At November 28, 2004 at 1:04 PM, Blogger CowPi said...

You know that for every comment or email you may have received, there were another ten or twenty people who quietly prayed for you and your father.

May God's love, peace, and energy continue to touch you in faith.

 
At November 29, 2004 at 2:00 PM, Blogger K. Lyn Wurth said...

Thank you both so much. God is good, and is so often good to us through one another.

 
At November 30, 2004 at 10:30 PM, Blogger Rebecca said...

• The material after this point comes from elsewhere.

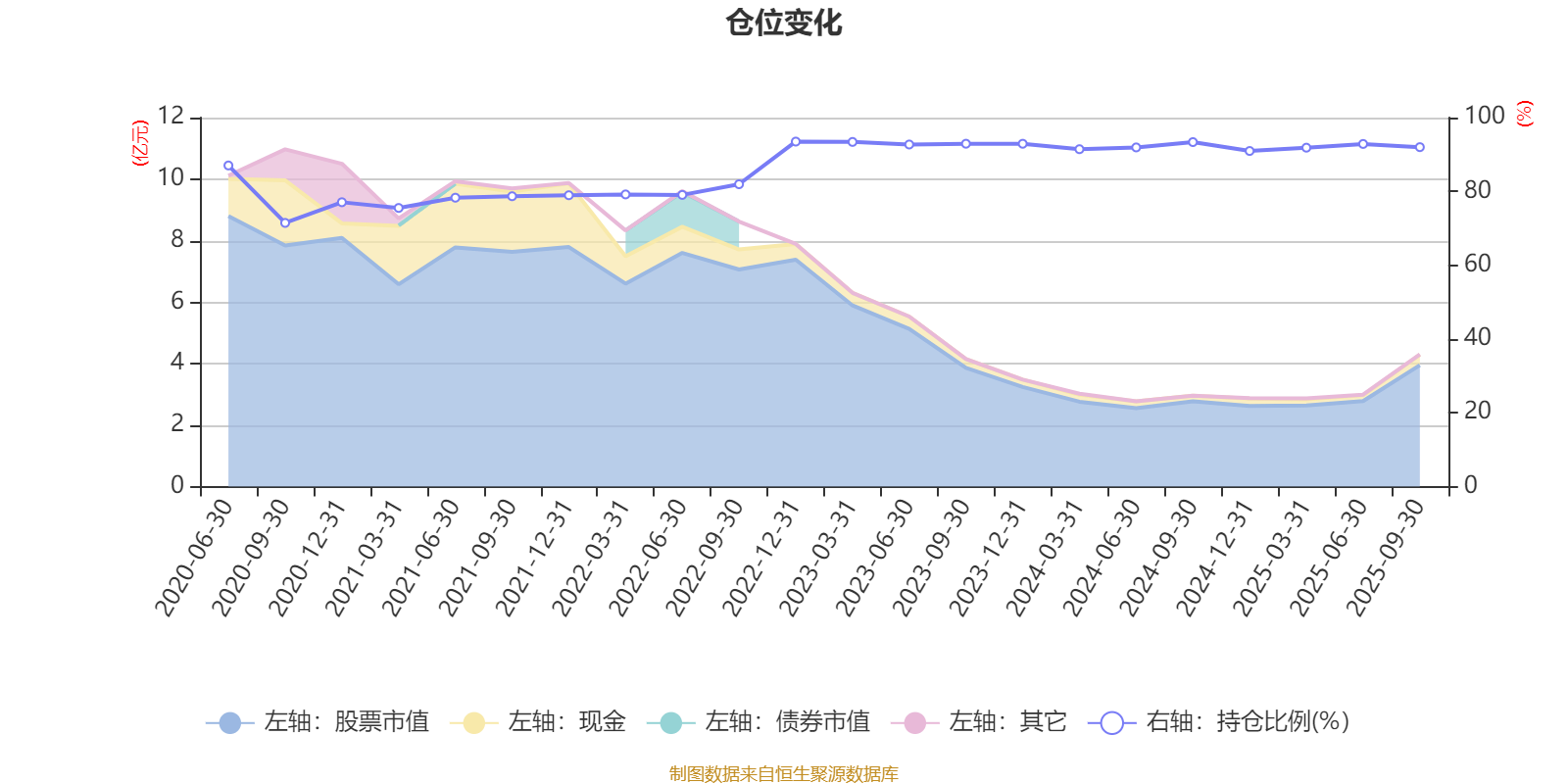 据定期报告数据统计,近三年平均股票仓位为92.49%,同类平均为85.47%。2022年末基金达到93.5%的最高仓位,2020年三季度末最低,为71.46%。

My heart goes out to you and your family - what a tragic story. I've experience estrangement from my father as well, and only met him when I was 25. I'm 32 now and don't know him well at all, in spite of my efforts to make inroads. We are comfortable around each other, and enjoy one another's company, but it is difficult around his "other family". In any case, I am feeling compelled to keep trying to bind our ties a bit more. You seem to have a lovely family and a strong faith, but I know in times of pain these things don't always feel like the strengths they should - sometimes the pain seems to envelope everything. I'm glad you can write your way through this; it is will be both cleansing and healing. God bless.

 
At December 1, 2004 at 6:54 AM, Blogger ~pen~ said...

oh my, i am so sorry for your loss. i can relate to this on many different levels, but am being coerced into running my daughter to school...

please know i will say a prayer and light a candle for you this morning.